— PROBLEM DESCRIPTION —
Begin your transcription at the line containing "Cute Diversión Pastel" and continue it, word for word, to the final line below. Include only those lines and skip the pictures.

— DATA EXTRACT —
=== Section Start ===

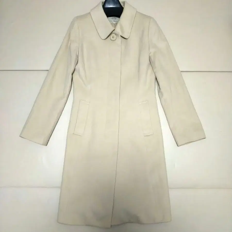 울 100% 롱 코트 아이보리 버튼 있음 허리끈 있음
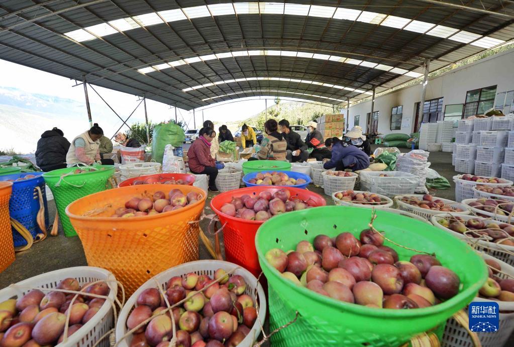 10月20日,在四川甘孜鄉城縣青德鎮,村民們在分揀蘋(píng)果。
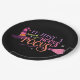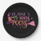 Cute Diversión Pastel Brujas Hocus Pocus Halloween Gorra Broomstick Plates de papel, bienvenidos a sus invitados con este lindo y espeluznante y divertido felíz doormat de Halloween personalizado. El elegante diseño de la tipografía muestra "Es sólo un montón de Hocus Pocus" frases amarillas, púrpura y rosa pastel, naranjas, broomstick de brujas y de inicio, gorra de brujas, de fondo negro.
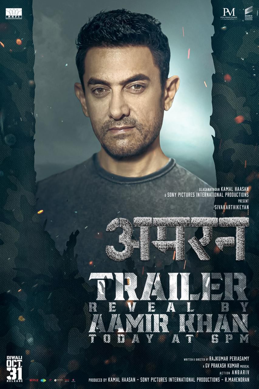 Aamir Khan is all set to unveil the official trailer of the much-anticipated film ‘Amaran,’ starring Sivakarthikeyan and Sai Pallavi. Directed by Rajkumar Periasamy, the film has already created a massive buzz across the country. The trailer release has garnered further excitement with the announcement that Kamal Haasan will join hands with Aamir Khan, Nimma Shivanna, Nani, and Tovino Thomas to amplify the reach of the trailer reveal across different regions, underlining the pan-Indian appeal of ‘Amaran.’

=== Section End ===

— RESULT FOR THIS EXERCISE —
 Cute Diversión Pastel Brujas Hocus Pocus Halloween Gorra Broomstick Plates de papel, bienvenidos a sus invitados con este lindo y espeluznante y divertido felíz doormat de Halloween personalizado. El elegante diseño de la tipografía muestra "Es sólo un montón de Hocus Pocus" frases amarillas, púrpura y rosa pastel, naranjas, broomstick de brujas y de inicio, gorra de brujas, de fondo negro.
 Aamir Khan is all set to unveil the official trailer of the much-anticipated film ‘Amaran,’ starring Sivakarthikeyan and Sai Pallavi. Directed by Rajkumar Periasamy, the film has already created a massive buzz across the country. The trailer release has garnered further excitement with the announcement that Kamal Haasan will join hands with Aamir Khan, Nimma Shivanna, Nani, and Tovino Thomas to amplify the reach of the trailer reveal across different regions, underlining the pan-Indian appeal of ‘Amaran.’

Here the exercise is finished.